NEW YORK (GenomeWeb) – In a study appearing online today in Nature Communications, researchers from Decode Genetics and elsewhere described new genetic variants that appear to coincide with both bone mineral density (BMD) in the spine and risk of osteoporotic fractures.
Through a genome-wide association study involving some 20,100 Icelandic individuals with established BMD measurements, the team verified associations for variants in known BMD genes. The results also uncovered a new BMD-related gene, PTCH1, as well as a previously undescribed variant in a gene with prior ties to BMD called RSPO3 — results confirmed in nearly 10,100 more individuals with European or East Asian ancestry.
The non-coding PTCH1 and RSPO3 variants showed ties to not only diminished BMD in the spine, but also to osteoporotic fracture risk, the researchers reported, perhaps as a consequence of expression changes detected in the genes when such variants are present.
Indeed, the study's authors noted that non-coding variants at the PTCH1 and RSPO3 loci appear to alter gene expression in ways that are expected to affect the Hedgehog and the Wnt signaling pathways, respectively.
Because BMD can help to predict the risk of osteoporotic fractures, the researchers explained, they reasoned that they might be able to add to the tally of genetic factors related to the risk of osteoporosis and related bone breaks by assessing a large number of individuals with known BMDs.
They noted that past GWAS and meta-analyses have unearthed some 56 BMD-linked loci, including more than a dozen signals that also coincide with osteoporotic fracture risk, though it is believed that still more BMD-related variants remain undiscovered.
For their new analysis, the researchers scrutinized patterns at tens of millions of variants in the genomes of more than 20,100 Icelanders with hip and/or spine BMD measurements using array-based genotyping, as well as SNP and indel patterns imputed with the help of more than 2,600 previously sequenced Icelandic genomes.
Along with associations between BMD and many variants identified in the past, the team saw a suspicious signal in and around the chromosome 9 gene PTCH1, which codes for a receptor that interacts with three hedgehog signaling protein morphogens.
After replicating the association in 10,091 individuals from Denmark, Australia, Korea, and Hong Kong, the researchers turned their attention to the rs28377268 SNP, a variant previously associated with height that falls in a PTCH1 intron and appears to overlap with a regulatory histone mark.
In an analysis of 10,389 cases and 264,522 controls from Iceland, Denmark, Australia, Korea, and China, the researchers saw a corresponding association between osteoporotic fracture risk and the same PTCH1variant.

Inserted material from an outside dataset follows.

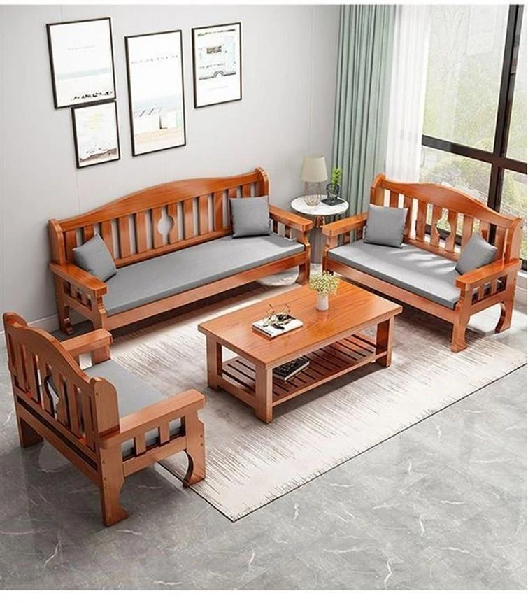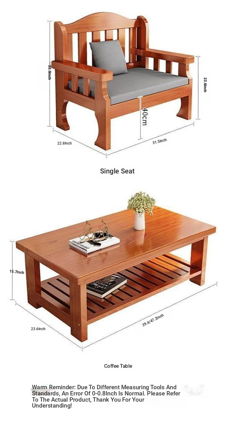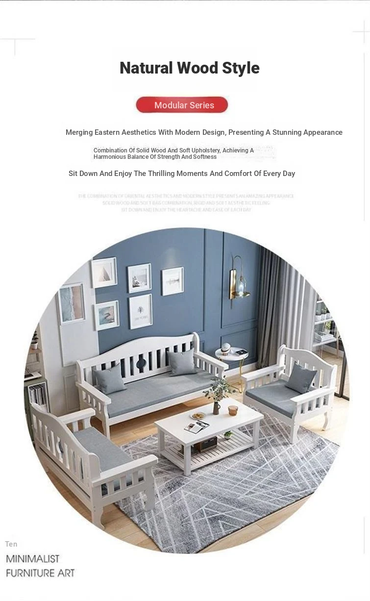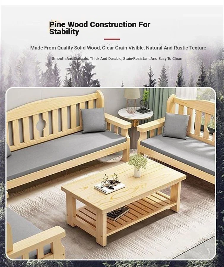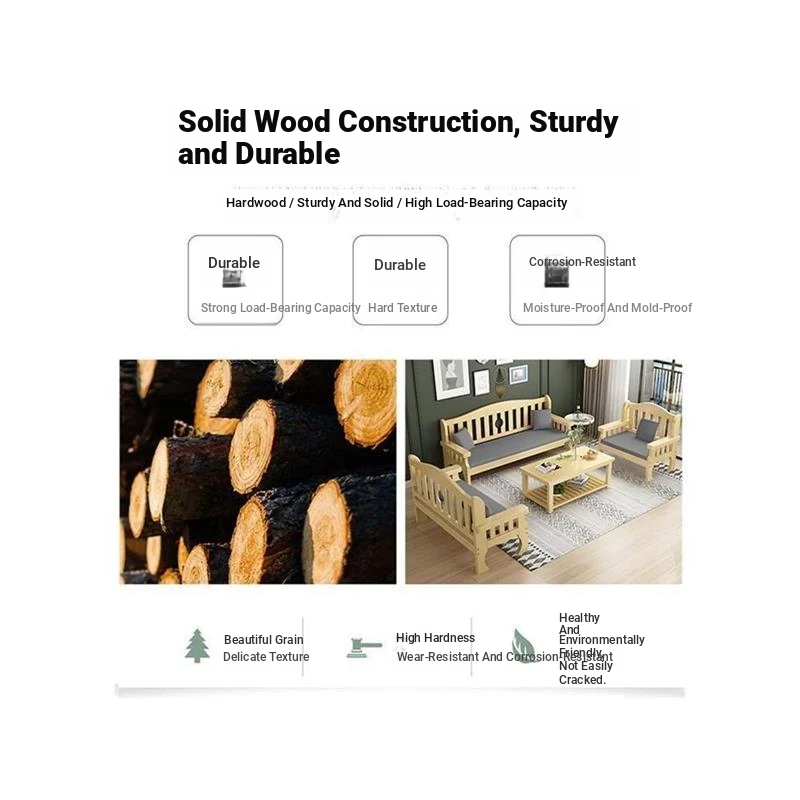 Modern Minimalist Solid Wood Sofa Set for Small Living Rooms - Stylish Three-Seater Chinese-Style Wooden Bench with Backrest for Rural Homes

Similarly, the team found a new BMD-related variant in a previously described BMD locus on chromosome 6 that landed at a site upstream of RSPO3's transcriptional start site and was previously implicated in high-density lipoprotein cholesterol and triglyceride levels.
The presence of this variant — which showed ties to BMD and osteoporotic fracture risk— appeared to dial up expression of the RSPO3 gene in adipose tissue, the researchers noted.
Still other new associations turned up in loci containing the AXIN1, SOST, and EN1 genes, albeit for alleles found at lower frequency than the rs28377268 variant in PTCH1.